- Task directions
No pictures go into the copy. Write out exactly the lines below from the one containing "从规模看,A股42家银行于今" through the one containing "Thank God for".

#### Data to examine ####

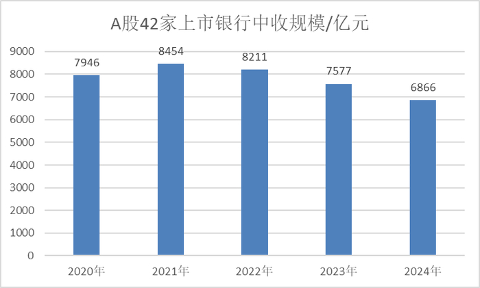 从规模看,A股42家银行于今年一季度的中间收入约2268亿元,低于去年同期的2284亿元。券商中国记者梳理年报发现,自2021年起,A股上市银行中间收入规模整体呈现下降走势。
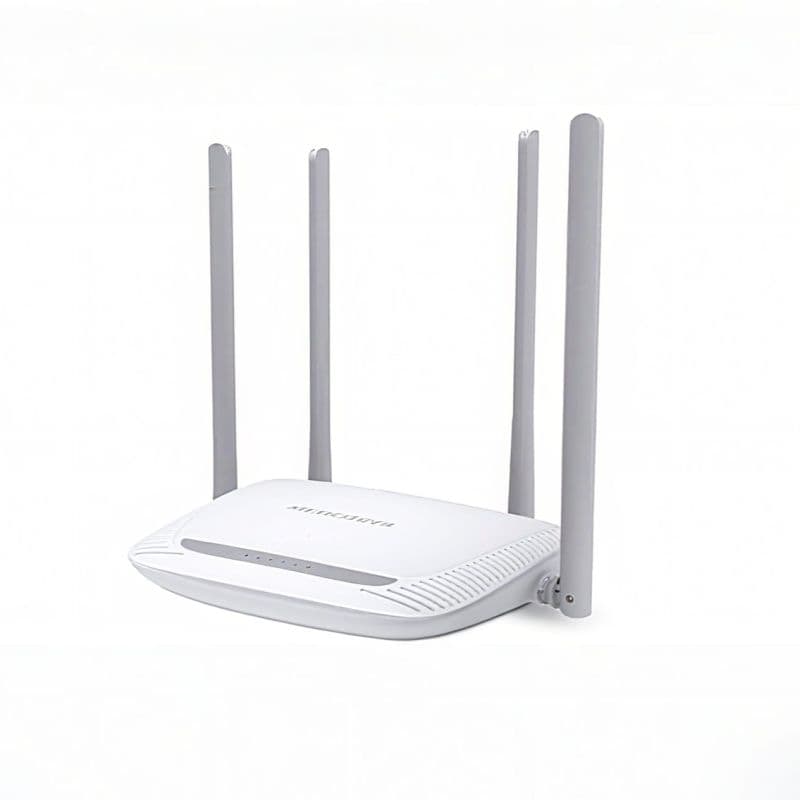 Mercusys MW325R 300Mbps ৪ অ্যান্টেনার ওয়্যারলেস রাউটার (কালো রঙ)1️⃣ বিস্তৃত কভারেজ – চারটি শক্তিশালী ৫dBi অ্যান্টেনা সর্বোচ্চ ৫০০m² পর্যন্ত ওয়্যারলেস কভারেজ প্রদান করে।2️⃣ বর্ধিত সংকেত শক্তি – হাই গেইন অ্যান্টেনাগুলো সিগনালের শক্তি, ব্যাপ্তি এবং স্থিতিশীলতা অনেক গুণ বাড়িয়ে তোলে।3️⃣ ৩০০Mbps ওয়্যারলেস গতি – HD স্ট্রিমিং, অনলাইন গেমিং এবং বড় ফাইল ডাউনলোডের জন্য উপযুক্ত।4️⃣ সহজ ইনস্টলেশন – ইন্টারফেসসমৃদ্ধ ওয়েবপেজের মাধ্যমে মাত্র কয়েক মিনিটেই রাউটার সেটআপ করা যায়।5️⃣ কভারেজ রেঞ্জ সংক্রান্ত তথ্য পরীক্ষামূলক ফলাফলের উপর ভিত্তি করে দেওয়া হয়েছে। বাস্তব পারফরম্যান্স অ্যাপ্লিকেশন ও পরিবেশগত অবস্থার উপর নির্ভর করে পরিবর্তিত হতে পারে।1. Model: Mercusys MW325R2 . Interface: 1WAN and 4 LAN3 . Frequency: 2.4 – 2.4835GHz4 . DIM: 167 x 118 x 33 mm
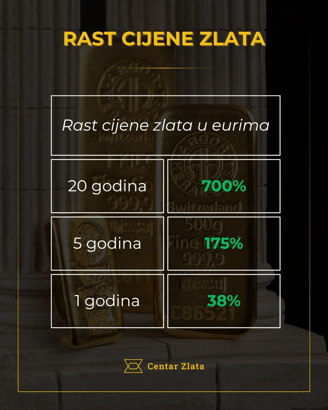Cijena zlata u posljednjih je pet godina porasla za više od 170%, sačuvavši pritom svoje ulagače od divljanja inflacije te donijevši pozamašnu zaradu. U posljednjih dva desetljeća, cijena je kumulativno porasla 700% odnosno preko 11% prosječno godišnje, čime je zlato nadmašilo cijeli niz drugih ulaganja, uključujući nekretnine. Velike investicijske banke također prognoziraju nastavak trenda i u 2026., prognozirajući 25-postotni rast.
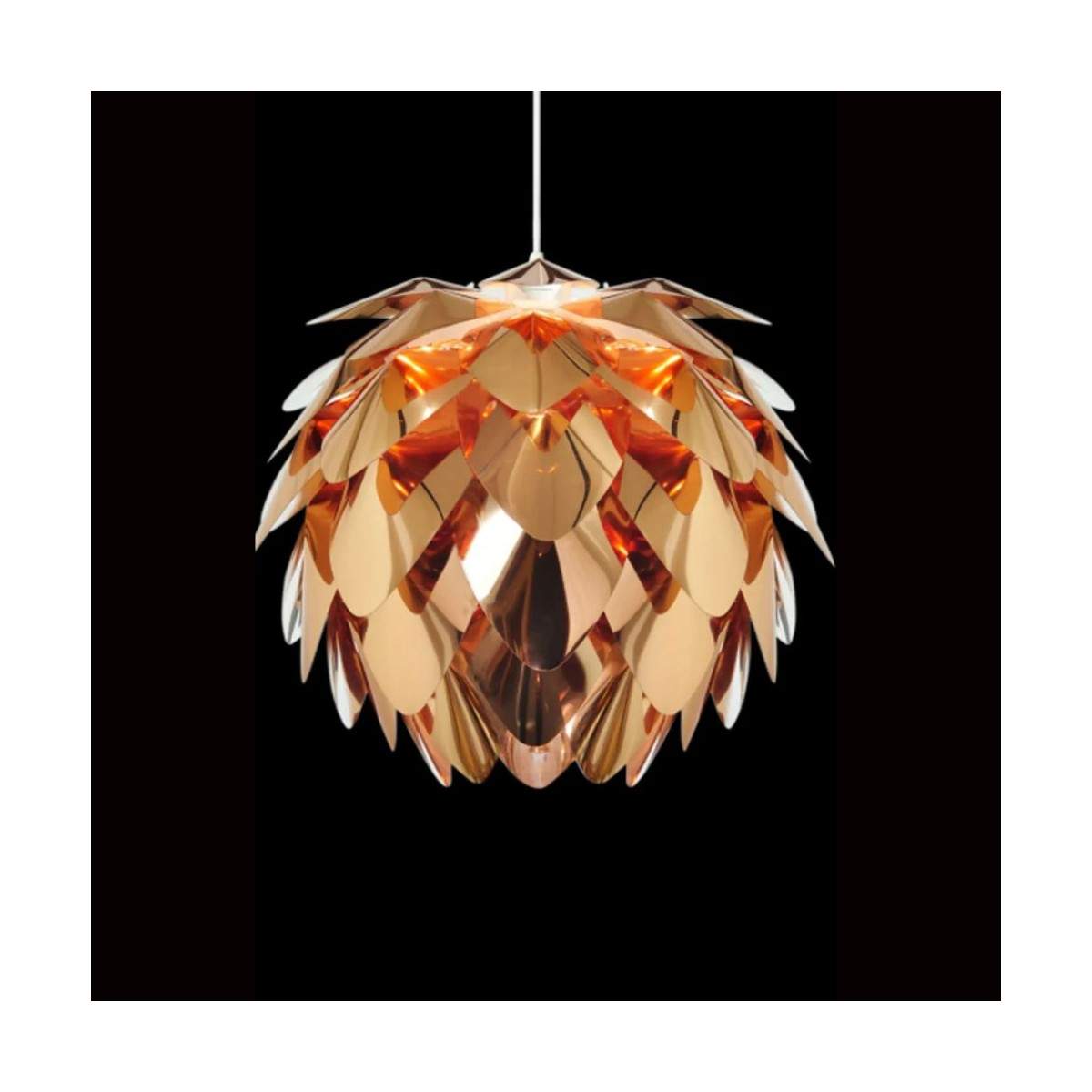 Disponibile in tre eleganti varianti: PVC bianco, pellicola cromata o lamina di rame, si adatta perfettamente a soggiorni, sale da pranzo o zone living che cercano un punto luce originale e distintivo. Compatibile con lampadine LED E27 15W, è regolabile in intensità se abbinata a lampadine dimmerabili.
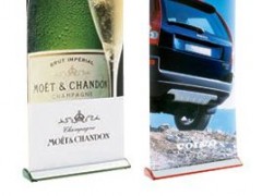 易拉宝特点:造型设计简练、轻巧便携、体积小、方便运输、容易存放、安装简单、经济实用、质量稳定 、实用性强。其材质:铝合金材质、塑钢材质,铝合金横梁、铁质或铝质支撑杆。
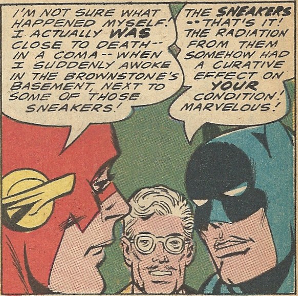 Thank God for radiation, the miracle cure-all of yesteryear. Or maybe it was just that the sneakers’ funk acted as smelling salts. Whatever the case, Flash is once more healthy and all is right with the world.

####
#### Data to examine ####

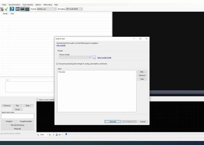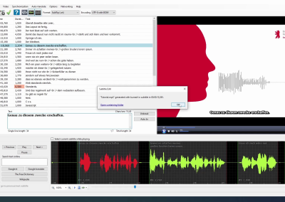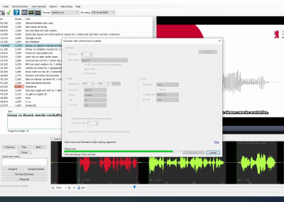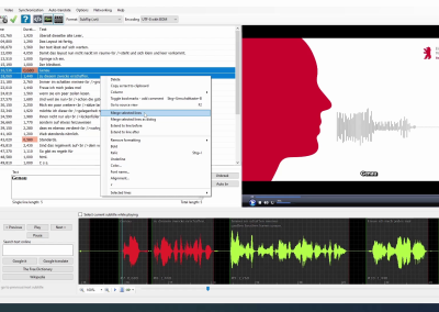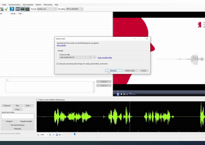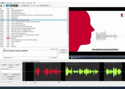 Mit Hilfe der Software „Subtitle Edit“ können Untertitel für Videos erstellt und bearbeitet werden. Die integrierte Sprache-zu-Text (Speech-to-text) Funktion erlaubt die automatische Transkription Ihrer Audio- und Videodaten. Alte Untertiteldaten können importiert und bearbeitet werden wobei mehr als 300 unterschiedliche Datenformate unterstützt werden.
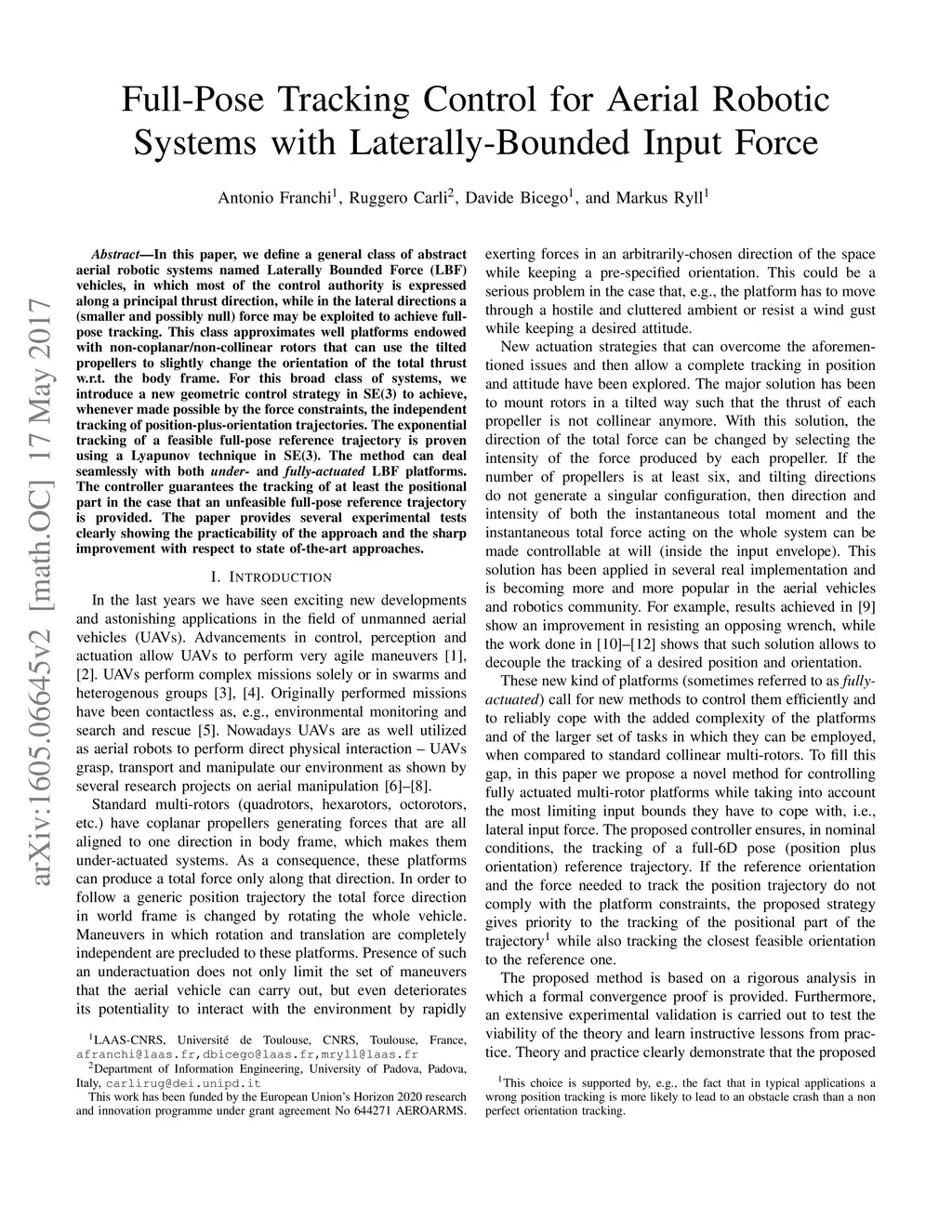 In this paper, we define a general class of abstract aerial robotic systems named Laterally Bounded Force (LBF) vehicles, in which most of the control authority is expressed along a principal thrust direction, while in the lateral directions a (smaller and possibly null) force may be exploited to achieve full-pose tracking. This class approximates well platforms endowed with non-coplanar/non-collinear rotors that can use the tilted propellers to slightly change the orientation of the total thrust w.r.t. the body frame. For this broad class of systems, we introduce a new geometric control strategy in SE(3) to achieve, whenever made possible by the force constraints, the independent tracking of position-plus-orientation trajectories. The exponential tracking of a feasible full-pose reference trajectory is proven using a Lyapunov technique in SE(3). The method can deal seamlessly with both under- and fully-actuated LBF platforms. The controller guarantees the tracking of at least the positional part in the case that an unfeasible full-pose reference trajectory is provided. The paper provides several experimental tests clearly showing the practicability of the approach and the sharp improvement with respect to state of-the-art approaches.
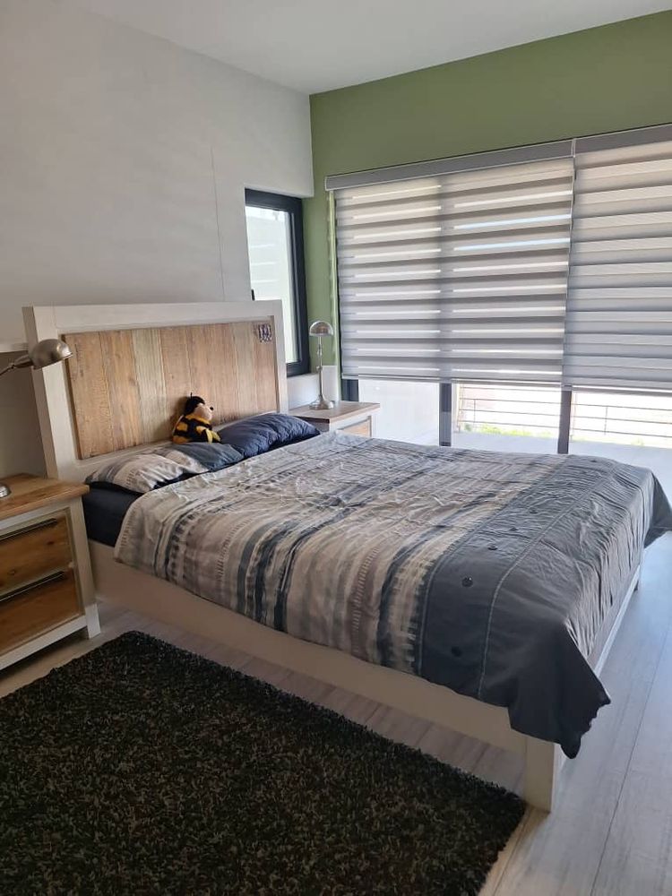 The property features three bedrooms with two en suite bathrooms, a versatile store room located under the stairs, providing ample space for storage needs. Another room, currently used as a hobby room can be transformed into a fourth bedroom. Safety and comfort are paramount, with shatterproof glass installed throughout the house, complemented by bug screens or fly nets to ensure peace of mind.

####
#### Data to examine ####

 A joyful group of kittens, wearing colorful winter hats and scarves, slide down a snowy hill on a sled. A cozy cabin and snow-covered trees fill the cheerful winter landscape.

####

- Response below
 从规模看,A股42家银行于今年一季度的中间收入约2268亿元,低于去年同期的2284亿元。券商中国记者梳理年报发现,自2021年起,A股上市银行中间收入规模整体呈现下降走势。
 Mercusys MW325R 300Mbps ৪ অ্যান্টেনার ওয়্যারলেস রাউটার (কালো রঙ)1️⃣ বিস্তৃত কভারেজ – চারটি শক্তিশালী ৫dBi অ্যান্টেনা সর্বোচ্চ ৫০০m² পর্যন্ত ওয়্যারলেস কভারেজ প্রদান করে।2️⃣ বর্ধিত সংকেত শক্তি – হাই গেইন অ্যান্টেনাগুলো সিগনালের শক্তি, ব্যাপ্তি এবং স্থিতিশীলতা অনেক গুণ বাড়িয়ে তোলে।3️⃣ ৩০০Mbps ওয়্যারলেস গতি – HD স্ট্রিমিং, অনলাইন গেমিং এবং বড় ফাইল ডাউনলোডের জন্য উপযুক্ত।4️⃣ সহজ ইনস্টলেশন – ইন্টারফেসসমৃদ্ধ ওয়েবপেজের মাধ্যমে মাত্র কয়েক মিনিটেই রাউটার সেটআপ করা যায়।5️⃣ কভারেজ রেঞ্জ সংক্রান্ত তথ্য পরীক্ষামূলক ফলাফলের উপর ভিত্তি করে দেওয়া হয়েছে। বাস্তব পারফরম্যান্স অ্যাপ্লিকেশন ও পরিবেশগত অবস্থার উপর নির্ভর করে পরিবর্তিত হতে পারে।1. Model: Mercusys MW325R2 . Interface: 1WAN and 4 LAN3 . Frequency: 2.4 – 2.4835GHz4 . DIM: 167 x 118 x 33 mm
Cijena zlata u posljednjih je pet godina porasla za više od 170%, sačuvavši pritom svoje ulagače od divljanja inflacije te donijevši pozamašnu zaradu. U posljednjih dva desetljeća, cijena je kumulativno porasla 700% odnosno preko 11% prosječno godišnje, čime je zlato nadmašilo cijeli niz drugih ulaganja, uključujući nekretnine. Velike investicijske banke također prognoziraju nastavak trenda i u 2026., prognozirajući 25-postotni rast.
 Disponibile in tre eleganti varianti: PVC bianco, pellicola cromata o lamina di rame, si adatta perfettamente a soggiorni, sale da pranzo o zone living che cercano un punto luce originale e distintivo. Compatibile con lampadine LED E27 15W, è regolabile in intensità se abbinata a lampadine dimmerabili.
 易拉宝特点:造型设计简练、轻巧便携、体积小、方便运输、容易存放、安装简单、经济实用、质量稳定 、实用性强。其材质:铝合金材质、塑钢材质,铝合金横梁、铁质或铝质支撑杆。
 Thank God for radiation, the miracle cure-all of yesteryear. Or maybe it was just that the sneakers’ funk acted as smelling salts. Whatever the case, Flash is once more healthy and all is right with the world.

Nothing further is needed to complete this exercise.